About this task –
Leave the pictures out. Return the rest of the listing below exactly.

━━━ Data provided

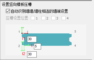 【自动识别】选否时,压槽设置位置亮显,可勾选设置位置【1】、【2】、【3】、【4】布置竖向模板压槽。
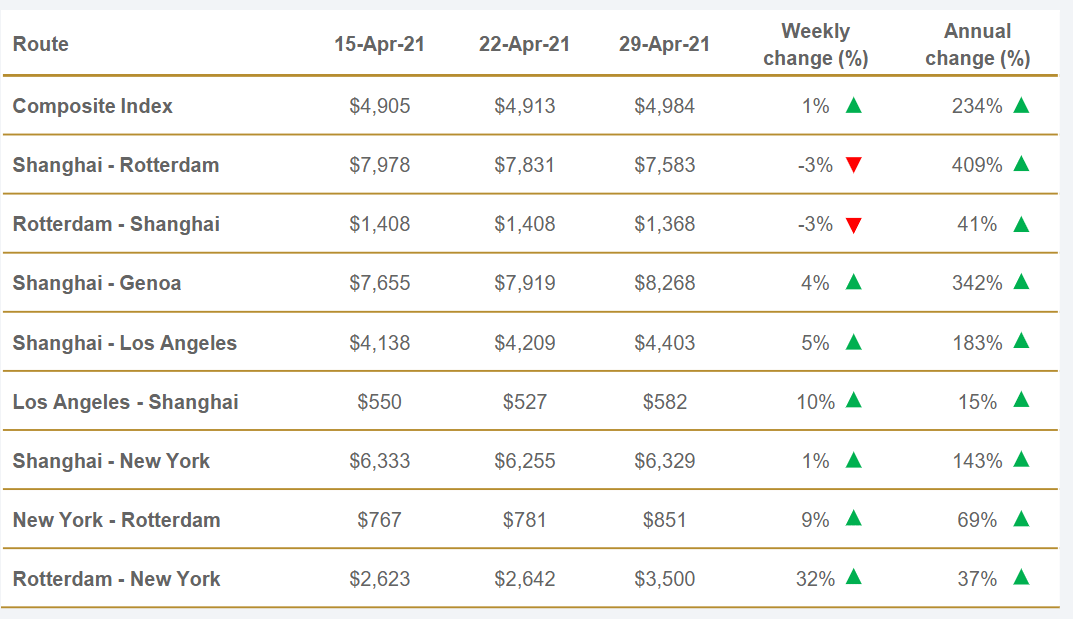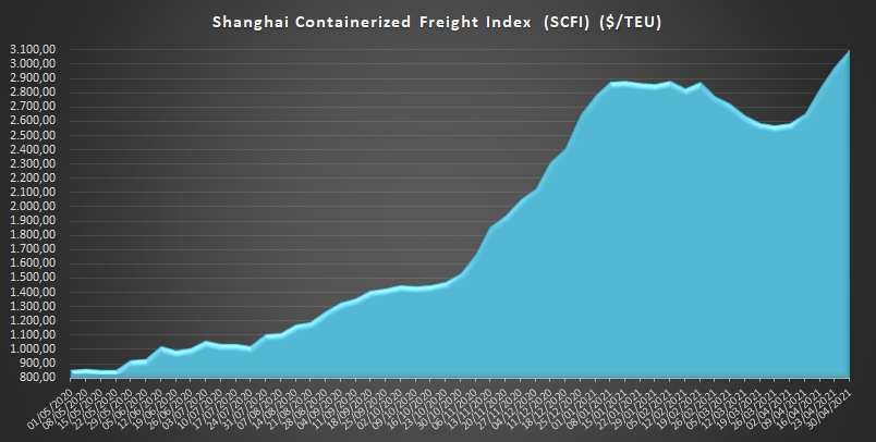 Esta semana los fletes desde Shanghái marcan un aumento del 4,1% respecto a la semana anterior y un incremento del 264% respecto al mismo periodo de 2020, lo que coloca al índice en 3.100,74 $/TEU.
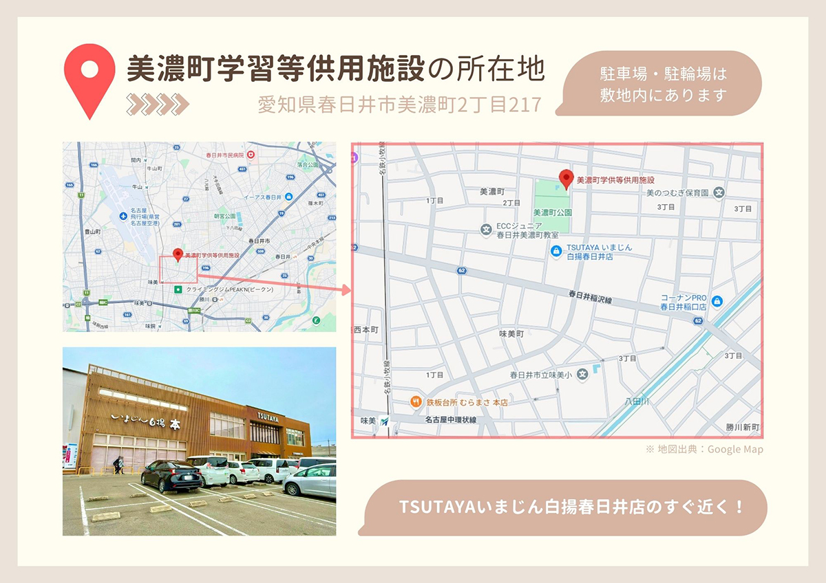 ↑室内活動のときは「 美濃町学習等供用施設 」に集まります!
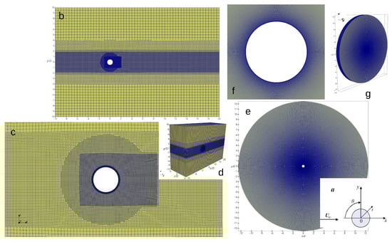 - Curvilinear, orthogonal O-type (Figure 1e–g; used here and below the abbreviation OM) with a dimension of ( cells) in the x, y, and z directions, respectively. The length of the computational domain in the streamwise direction is , and in the spanwise direction, . The grid nodes are radially relaxed from the cylinder toward the outflow boundary with the dimensionless height of the first cell being and an expansion coefficient in the radial direction of .

━━━━━━

Task answer –
 【自动识别】选否时,压槽设置位置亮显,可勾选设置位置【1】、【2】、【3】、【4】布置竖向模板压槽。
 Esta semana los fletes desde Shanghái marcan un aumento del 4,1% respecto a la semana anterior y un incremento del 264% respecto al mismo periodo de 2020, lo que coloca al índice en 3.100,74 $/TEU.
 ↑室内活動のときは「 美濃町学習等供用施設 」に集まります!
 - Curvilinear, orthogonal O-type (Figure 1e–g; used here and below the abbreviation OM) with a dimension of ( cells) in the x, y, and z directions, respectively. The length of the computational domain in the streamwise direction is , and in the spanwise direction, . The grid nodes are radially relaxed from the cylinder toward the outflow boundary with the dimensionless height of the first cell being and an expansion coefficient in the radial direction of .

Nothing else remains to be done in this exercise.